PROBLEM TO SOLVE:
Below are records that hold pictures; write out only the lines from their start through the line with "國務院安委會辦公室于2018", exactly, and drop the pictures.

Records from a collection
◇ ◇ ◇ ◇ ◇

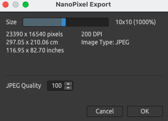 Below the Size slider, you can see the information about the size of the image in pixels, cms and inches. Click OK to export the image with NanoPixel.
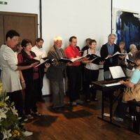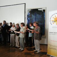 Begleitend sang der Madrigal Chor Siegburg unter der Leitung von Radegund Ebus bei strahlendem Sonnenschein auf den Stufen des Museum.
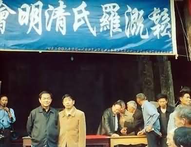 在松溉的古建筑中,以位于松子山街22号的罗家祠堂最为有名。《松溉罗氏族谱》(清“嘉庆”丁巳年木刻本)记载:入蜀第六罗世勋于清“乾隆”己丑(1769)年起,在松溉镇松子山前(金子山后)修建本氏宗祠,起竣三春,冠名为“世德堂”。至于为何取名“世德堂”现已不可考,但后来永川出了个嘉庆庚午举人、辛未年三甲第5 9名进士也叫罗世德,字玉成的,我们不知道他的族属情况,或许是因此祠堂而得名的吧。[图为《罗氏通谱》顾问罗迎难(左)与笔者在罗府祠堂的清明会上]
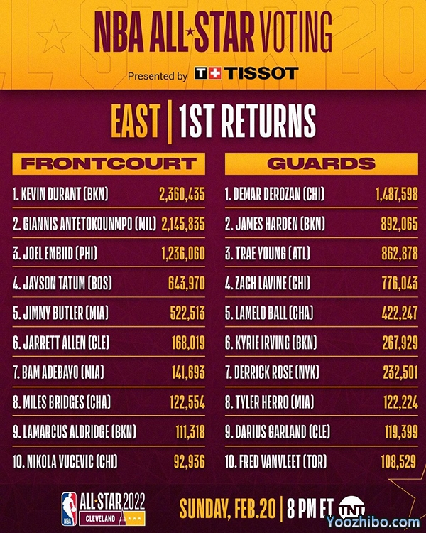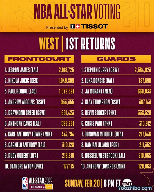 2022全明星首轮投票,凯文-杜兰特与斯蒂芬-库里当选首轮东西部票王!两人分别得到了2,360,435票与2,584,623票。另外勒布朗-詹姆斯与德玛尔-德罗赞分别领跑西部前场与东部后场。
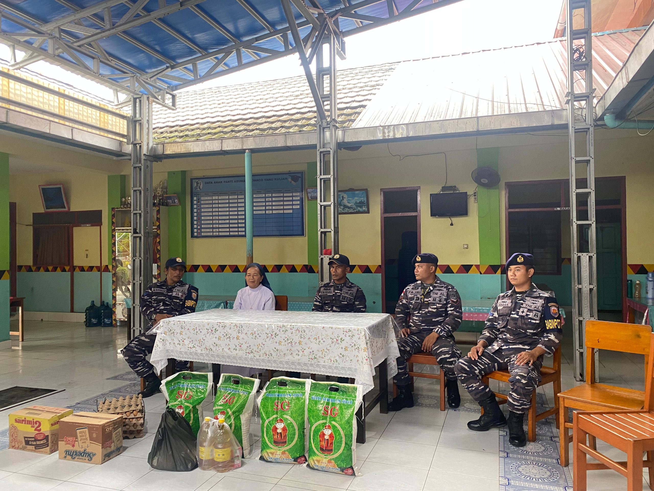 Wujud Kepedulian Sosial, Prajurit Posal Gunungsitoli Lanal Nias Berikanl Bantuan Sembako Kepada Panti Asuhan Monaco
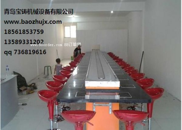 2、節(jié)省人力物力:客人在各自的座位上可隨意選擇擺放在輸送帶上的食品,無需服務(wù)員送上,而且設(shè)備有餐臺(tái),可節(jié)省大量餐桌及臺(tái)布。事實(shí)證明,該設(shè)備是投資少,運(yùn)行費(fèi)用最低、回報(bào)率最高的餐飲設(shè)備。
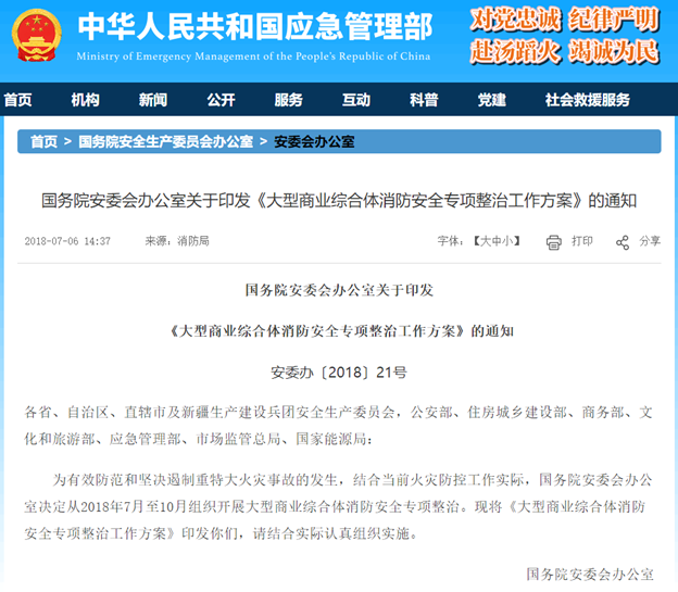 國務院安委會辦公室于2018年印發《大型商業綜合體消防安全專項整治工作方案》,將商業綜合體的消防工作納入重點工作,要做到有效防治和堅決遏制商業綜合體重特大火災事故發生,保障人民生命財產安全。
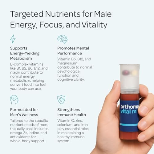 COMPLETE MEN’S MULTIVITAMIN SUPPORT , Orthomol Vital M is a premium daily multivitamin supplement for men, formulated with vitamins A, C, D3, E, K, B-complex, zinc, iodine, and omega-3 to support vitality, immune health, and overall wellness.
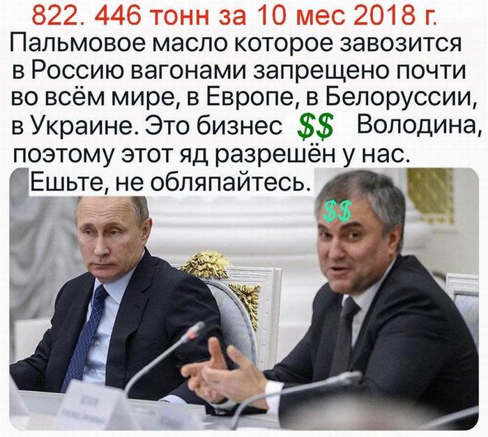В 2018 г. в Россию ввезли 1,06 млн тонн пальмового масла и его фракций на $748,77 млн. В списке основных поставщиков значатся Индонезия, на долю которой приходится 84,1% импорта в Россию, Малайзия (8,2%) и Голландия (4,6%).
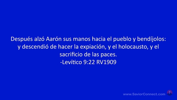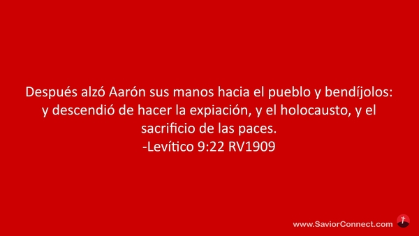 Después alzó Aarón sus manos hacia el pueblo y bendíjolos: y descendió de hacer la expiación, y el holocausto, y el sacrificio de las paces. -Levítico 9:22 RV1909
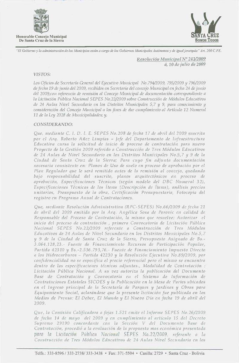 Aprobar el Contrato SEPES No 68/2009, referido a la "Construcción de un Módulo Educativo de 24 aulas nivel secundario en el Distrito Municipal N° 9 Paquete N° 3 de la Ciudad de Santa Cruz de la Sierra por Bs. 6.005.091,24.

◇ ◇ ◇ ◇ ◇

REPLY TO THE TASK:
 Below the Size slider, you can see the information about the size of the image in pixels, cms and inches. Click OK to export the image with NanoPixel.
 Begleitend sang der Madrigal Chor Siegburg unter der Leitung von Radegund Ebus bei strahlendem Sonnenschein auf den Stufen des Museum.
 在松溉的古建筑中,以位于松子山街22号的罗家祠堂最为有名。《松溉罗氏族谱》(清“嘉庆”丁巳年木刻本)记载:入蜀第六罗世勋于清“乾隆”己丑(1769)年起,在松溉镇松子山前(金子山后)修建本氏宗祠,起竣三春,冠名为“世德堂”。至于为何取名“世德堂”现已不可考,但后来永川出了个嘉庆庚午举人、辛未年三甲第5 9名进士也叫罗世德,字玉成的,我们不知道他的族属情况,或许是因此祠堂而得名的吧。[图为《罗氏通谱》顾问罗迎难(左)与笔者在罗府祠堂的清明会上]
 2022全明星首轮投票,凯文-杜兰特与斯蒂芬-库里当选首轮东西部票王!两人分别得到了2,360,435票与2,584,623票。另外勒布朗-詹姆斯与德玛尔-德罗赞分别领跑西部前场与东部后场。
 Wujud Kepedulian Sosial, Prajurit Posal Gunungsitoli Lanal Nias Berikanl Bantuan Sembako Kepada Panti Asuhan Monaco
 2、節(jié)省人力物力:客人在各自的座位上可隨意選擇擺放在輸送帶上的食品,無需服務(wù)員送上,而且設(shè)備有餐臺(tái),可節(jié)省大量餐桌及臺(tái)布。事實(shí)證明,該設(shè)備是投資少,運(yùn)行費(fèi)用最低、回報(bào)率最高的餐飲設(shè)備。
 國務院安委會辦公室于2018年印發《大型商業綜合體消防安全專項整治工作方案》,將商業綜合體的消防工作納入重點工作,要做到有效防治和堅決遏制商業綜合體重特大火災事故發生,保障人民生命財產安全。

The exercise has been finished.